Tuesday, October 17, 2006

Kallat Torah?

Someone sent me an e-mail which said the following:

“Rabbi Maryles, are you aware that Avi Weiss' temple had a Kallat Torah
and Kallat Bereishit? I heard this third-hand, so I called the temple to verify.”

Now, I would not refer to Rabbi Weiss’s Shul as a temple. That is insulting, incorrect, and unfair. His Shul does not violate Halacha, to the best of my knowledge. But this latest little attempt at political correctness of the feminist kind is very telling about what drives the left wing of modern orthodoxy of which Rabbi Weiss is one of the more eloquent leaders.

Rabbi Avi Weiss is not only the Rav of a Modern Orthodox Shul in Riverdale; he is also the founder of Yeshivat Chovevei Torah. It is therefore not unreasonable to conclude that what he advocates for his Shul, he would advocate for his school as well.

I find this latest innovation to be very troubling. Of what possible value is it to add to the millennia old traditionb of Chasan Torah and Chasan Bereshis? Who benefits from this? What kind of woman would really care that an annual event millennia needs a parallel feminine version?

There can only be one answer: Only a feminist would care. Only an individual consumed with the idea that we live in a male dominated society in which the Torah world was and still is complicit, and that women have been put down by men, even Orthodox men for centuries. And that we need to do everything possible to change things until men and women are completely equal on the social playing field.

This new innovation is so ridiculous, it is laughable. Are we going to start adding a feminine version of every Religious ritual?

If this event doesn’t prove my point about the current thrust of left wing Modern orthodoxy, nothing does.
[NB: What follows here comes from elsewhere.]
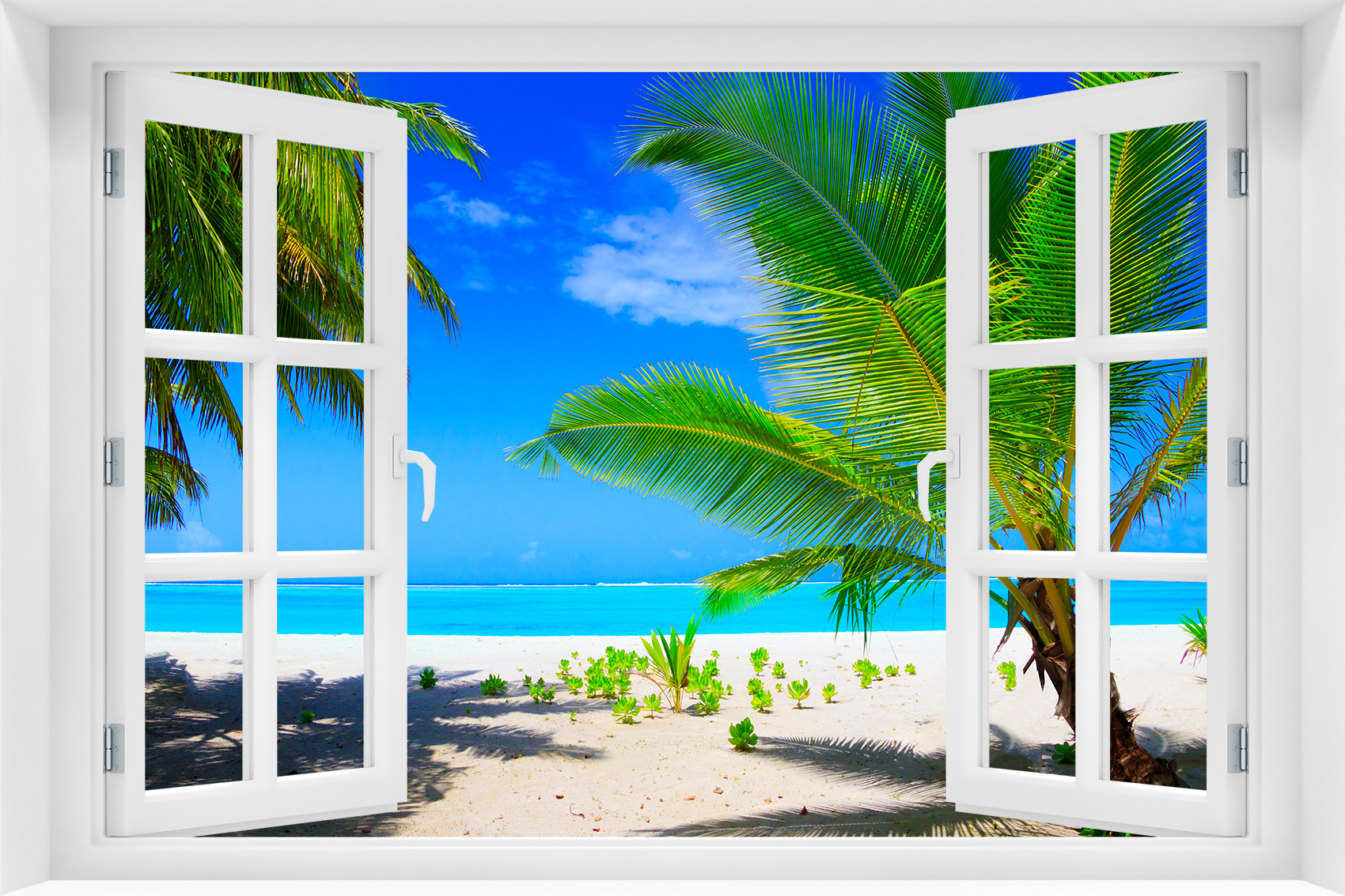 Fototapeta 3D Okno Natura Plaża Wakacje Palmy - p-89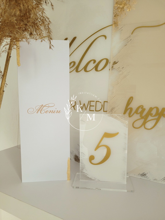 Numar de masa pentru nunta sau botez realizat din plexiglas transparent, autocolant auriu mat, vopsit pe verso in diferite culori, dimensiune aprox. 10 x 15 cm

I do not believe for a minute that this is what Judaism is about.

There are many people who would say, “So what?” Who cares what a Shul does to please a certain element as long as they do not violate Halacha. But as I have said in the past: How far does one want to go with this? How far must we twist tradition out of shape to satisfy a few social feminists? In my view the gain is far outweighed by the loss. What is the loss? It is the loss of normalcy. Just as I think the extremism of the right does not serve Klal Yisroel well, neither the the extremism of the left, especially when there is absolutely no practical benefit.